To find the third eigenvector when $\lambda_3 = -1$, we solve
$\begin{pmatrix} -1 & -2 & 0 & 0 \\ -2 & -1 + 1.8 & 0 & -2.4 \\ 0 & 0 & -1 & -2 \\ 0 & -2.4 & -2 & -1 - 1.8 \end{pmatrix} = \begin{pmatrix} -1 & -2 & 0 & 0 \\ -2 & 0.8 & 0 & -2.4 \\ 0 & 0 & -1 & -2 \\ 0 & -2.4 & -2 & -2.8 \end{pmatrix}$.
$\sim \begin{pmatrix} -1 & -2 & 0 & 0 \\ 0 & 4.8 & 0 & -2.4 \\ 0 & 0 & -1 & -2 \\ 0 & 0 & 0 & 0 \end{pmatrix}$.
$\alpha_4$ is free, so $\alpha_3 = -2\alpha_4$, $\alpha_2 = 0.5 \alpha_4$ and $\alpha_1 = -\alpha_4$, so the eigenvector is $\textbf{u}_3 = \begin{pmatrix} -1 \\ 0.5 \\ -2 \\ 1 \end{pmatrix}$, and $\|\textbf{u}_3\|_2 = 2.5$, so a normalized eigenvector is $\hat{\textbf{u}}_3 = \begin{pmatrix} -0.4 \\ 0.2 \\ -0.8 \\ 0.4 \end{pmatrix}$.
Finally, to find the fourth eigenvector when $\lambda_4 = 1$, we solve
$\begin{pmatrix} 1 & -2 & 0 & 0 \\ -2 & 1 + 1.8 & 0 & -2.4 \\ 0 & 0 & 1 & -2 \\ 0 & -2.4 & -2 & 1 - 1.8 \end{pmatrix} = \begin{pmatrix} 1 & -2 & 0 & 0 \\ -2 & 2.8 & 0 & -2.4 \\ 0 & 0 & 1 & -2 \\ 0 & -2.4 & -2 & -0.8 \end{pmatrix}$.
$\sim \begin{pmatrix} 1 & -2 & 0 & 0 \\ 0 & -1.2 & 0 & -2.4 \\ 0 & 0 & 1 & -2 \\ 0 & 0 & 0 & 0 \end{pmatrix}$.
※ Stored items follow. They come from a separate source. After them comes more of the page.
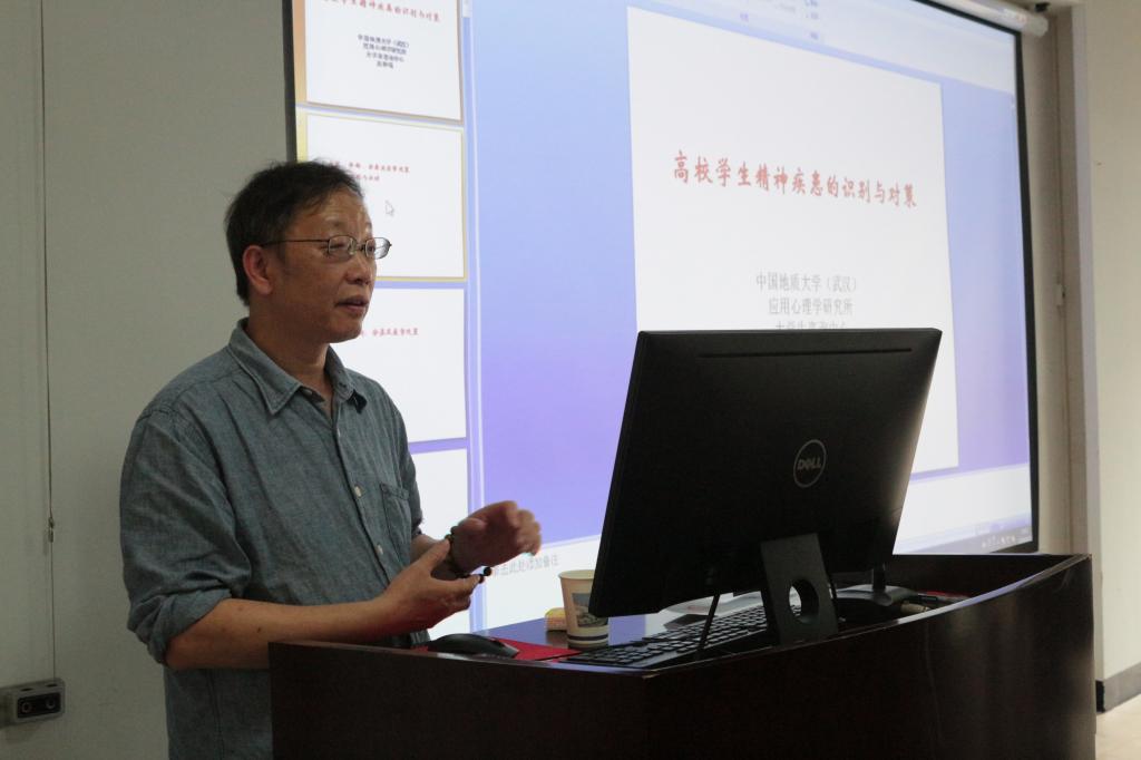 4月12日下午14:40,公管公司在公管新楼101开展了主题为“高校员工精神病患的识别与对策”的心理健康教育培训会,本次培训邀请了湖北省心理学会理事、太阳成集团tyc234cc主页应用心理学研究所副教授吴和鸣老师为主讲嘉宾,培训会由公司党委副书记胡文勤主持,公司全体学务指导老师、班主任、各年级辅导员及各班心理委员参加了此次培训。
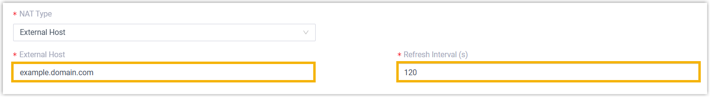example.domain.com. - Refresh Interval (s): Leave the default setting or change the interval (in seconds) for PBX to request the external host for public IP.
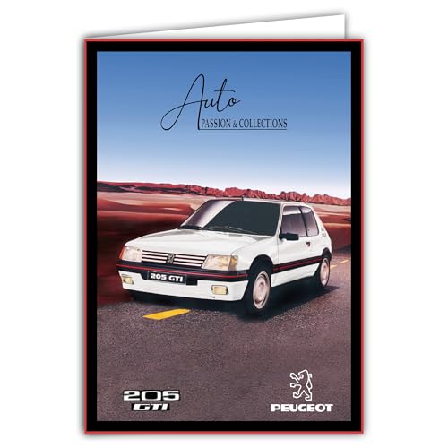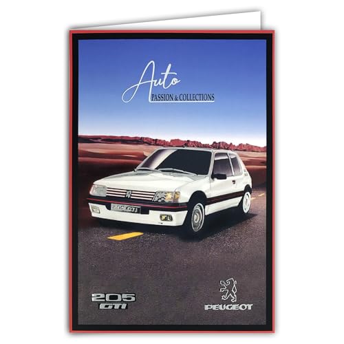 IETSCPXL-16132N MAXI stort kort XL 22 x 31 cm Peugeot 205 GTI officiell licens för motorsport samlarbil - vit interiör 44 x 31 cm - med kuvert - födelsedagsavgång
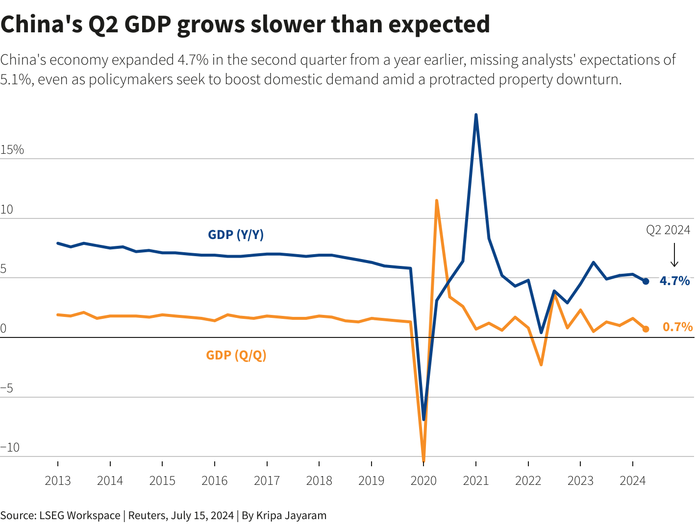 China’s economy, the second-largest in the world, grew much slower than expected in the second quarter of 2024, growing by 4.7% from April to June, its slowest since the first quarter of 2023. [Reuters]
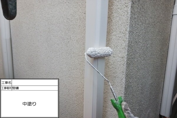 中塗りでは塗膜の厚みを確保し、防水性・耐候性のベースをつくります。
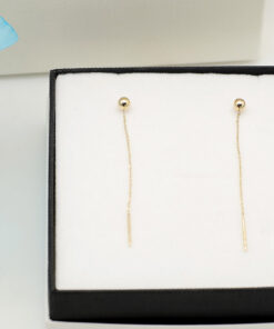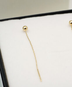 Nowoczesne, złote kolczyki przewlekane wykonane z żółtego złota próby 585. Delikatny łańcuszek oraz gładka kulka tworzą wyjątkowo subtelną i minimalistyczną kompozycję, która dodaje szyku każdej stylizacji. Idealny wybór dla kobiet ceniących lekkość, swobodę i niepowtarzalny styl. Kolczyki te doskonale sprawdzą się zarówno na co dzień, jak i na specjalne okazje.
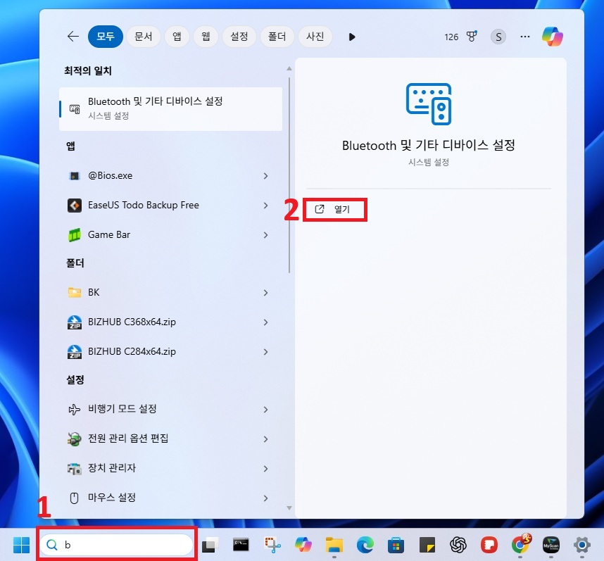 1. 작업표시줄 검색에서 "Bluetooth"를 검색하여 열기를 클릭한다.
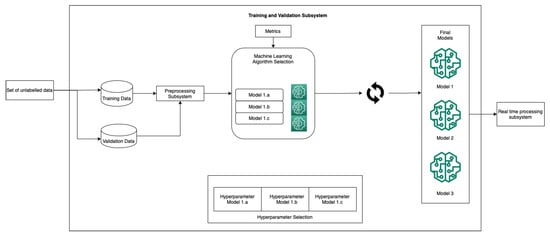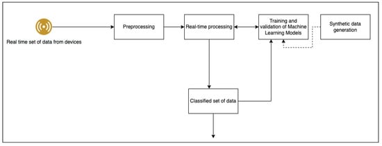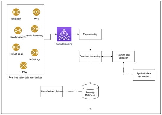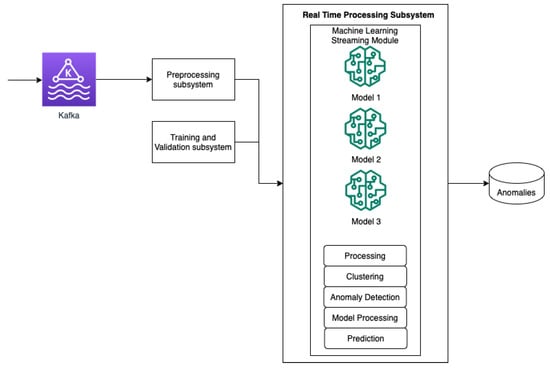 Machine learning algorithms have been previously trained and validated in the corresponding subsystem to detect possible anomalies in the input data. In the real-time processing subsystem, there are several machine learning models for each type of device. The output data correspond to the result of the detection of normal or anomalous events. The trace with the values of the event itself and the result of the detection is stored in the “Anomalies” database with a unique identifier corresponding to the event.
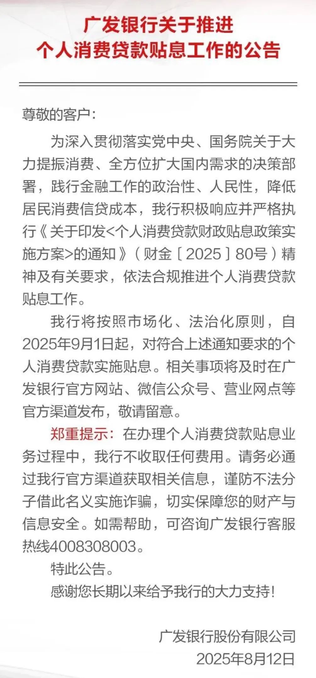 廣發銀行公告提到,將按照市場化、法治化原則,自2025年9月1日起,對符合通知要求的個人消費貸款實施貼息。
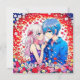 Rapaz de anime e garota se abraçando cercado por flores coloridas. Casal de anime bonito, menina de cabelo rosa e menino de cabelo azul. Personalize adicionando seus nomes na área de personalização.
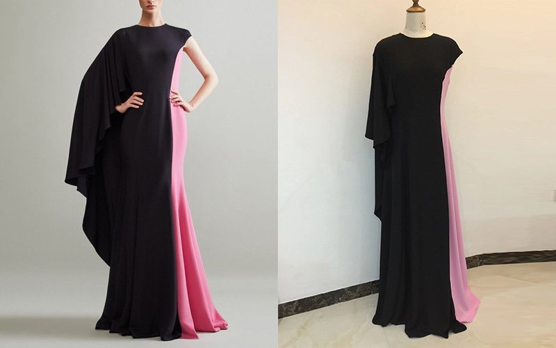 Every proportion was meticulously customized through multiple fittings: shoulder width, cape drape length and volume, neckline depth, waist placement, color-block seam placement, skirt flare, and overall hem length were adjusted to her exact body measurements and posture. The result is a gown that feels both powerful and feminine — perfect for red-carpet events, galas, formal weddings, or any occasion where you want to command attention with quiet drama and modern sophistication. The high-contrast black-and-pink palette photographs beautifully under any lighting and creates an instantly iconic look.True bespoke means this piece exists only for her: we hand-selected the fabric, precisely cut and matched the color panels, and constructed it layer by layer so it becomes a one-of-a-kind wearable work of art.
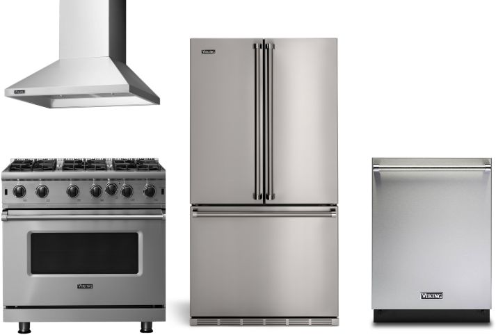Viking® 4 Piece Stainless Steel Kitchen Package with a french door refrigerator, pro style natural gas range, built in dishwasher, wall mounted range hoodRead More
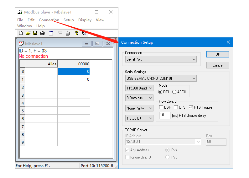 (2)點(diǎn)擊Connection,選擇串口,對(duì)應(yīng)USR-DR164所接USB-RS485串口線的COM口號(hào),串口參數(shù)和USR-DR164串口參數(shù)保持一致。 Mode選擇RTU,模擬MODBUS RTU協(xié)議串口。

$\alpha_4$ is free, so $\alpha_3 = 2\alpha_4$, $\alpha_2 = -2\alpha_4$ and $\alpha_1 = -4\alpha_4$, so the eigenvector is $\textbf{u}_4 = \begin{pmatrix} -4 \\ -2 \\ 2 \\ 1 \end{pmatrix}$, and $\|\textbf{u}_4\|_2 = 5$, so a normalized eigenvector is $\hat{\textbf{u}}_4 = \begin{pmatrix} -0.8 \\ -0.4 \\ 0.4 \\ 0.2 \end{pmatrix}$.
Thus, the matrix of eigenvectors is
$U = \begin{pmatrix} 0.4 & 0.2 & -0.4 & -0.8 \\ -0.8 & 0.4 & 0.2 & -0.4 \\ -0.2 & 0.4 & -0.8 & 0.4 \\ 0.4 & 0.8 & 0.4 & 0.2 \end{pmatrix}$.
and because the matrix $A$ is symmetric, the matrix $U$ must be orthogonal (you can check this by calculating $UU^\textrm{T}$ which should equal $I_4$, which it does), so its inverse is its transpose and we can check that
$U \begin{pmatrix} -4 & 0 & 0 & 0 \\ 0 & 4 & 0 & 0 \\ 0 & 0 & -1 & 0 \\ 0 & 0 & 0 & 1 \end{pmatrix}U^\textrm{T} = A$,
which it does.
Note that if you find this example, you will see that the columns of $U$ are swapped, but this is because the eigenvalues ended up in the order $-4$, $4$, $-1$ and $1$. A different ordering would produce the $U$ in the example.